For WCV, equation 2 is presented as a model with a very good correlation between Corr and time, according to equation 5, while equation 3 generates a complex model of which simplification in rural tropical environments tends to be a function of t, RH and/or TOW 14,28,36,37,43,45,50-54. This agrees, in this case, with the result proposed for WCV, in equation 8.
Equation 4 arises within the process of improving corrosion modeling, by proposing a combination between equations 2 and 3. This equation improves the results, when the contamination effect is more important than time dependence. For WCV, there was no substantial improvement in the corrosion evaluation, and the dependence was associated with time and SO214,26-30,33,50,55,56.
In a similar way, equation 1, stated in ISO 9223, arises from worldwide corrosion evaluations. In this one, there are few tropical data within rural environments, so, it usually gives overestimated values, as in the WCV case 14,27,28,41,46,48,52,55,56.
Tropical corrosion assessments in rural environments do not show significant differences in relation to seasonality. However, they do show initial corrosion rates dependent on the onset corrosion time, and in relation to TOW levels 37,50,51. This is consistent with the results obtained for WCV.
Conclusions
The final low CS Corr values, after one year of exposure, did not show significant differences with the starting climatic season, or with the monitoring site at WCV. On the other hand, the initial corrosion values, during the first six months, were dependent on the site climatic conditions. Vcorr values were higher when atmospheric corrosion started during the rainy season and the sites had less rainfall, although there were high TOW values. Because of the above, the modeling was reduced to a single environment independent of the climatic season. While low pollution decreases the influence of these parameters on complex models, making simplified models using time or TOW produces adequate and less complex results.
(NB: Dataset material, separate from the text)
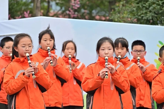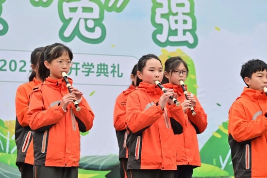 悠扬动听的旋律,就像春风拂面,拨动着我们的心弦,优美动听的音乐,就像阳光和雨露,滋润着我们的心田,在悠扬的竖笛声中我们挥别过去,拥抱春天!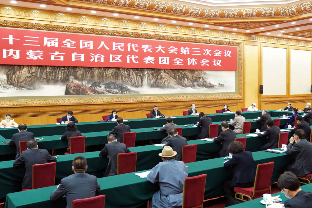 在认真听取大家发言后,习近平作了发言。他首先表示完全赞成政府工作报告,充分肯定内蒙古一年来的工作,希望内蒙古的同志大力弘扬“蒙古马精神”,坚决贯彻党中央决策部署,坚持以人民为中心的发展思想,坚持稳中求进工作总基调,坚持新发展理念,坚决打好三大攻坚战,扎实做好“六稳”工作,全面落实“六保”任务,坚决克服疫情带来的不利影响,确保完成决胜全面建成小康社会、决战脱贫攻坚目标任务,在新时代全面建设社会主义现代化国家征程上书写内蒙古发展新篇章。

The ISO 9223 equation estimation for annual corrosion is very high, possibly because it is based on measurements in nontropical environments.
Acknowledgements
Special thanks to the National Meteorological Institute and the Costa Rican Electricity Institute, for providing the WCV meteorological data. The actual corrosion data were obtained from the measurement of the sites located at the facilities of the National Power and Light Company and the Ministry of Security. This study was funded by the National Council of University Presidents (CONARE) of Costa Rica, as part of a collaborative project among the State Distance University (UNED-VINVES-6-1050), the University of Costa Rica (UCR-VI-805-B8-650), the National High Technology Center (CeNAT-VI-269-2017), the National University (UNA- SIA: 0600-17) and the Costa Rica Institute of Technology (ITCR-VIE 1490-021).
Rodríguez-Yáñez acknowledges the support of the Innovation and Human Capital for Competitiveness Program (PINN) of the Ministry of Science, Technology and Telecommunications (MICITT) of Costa Rica.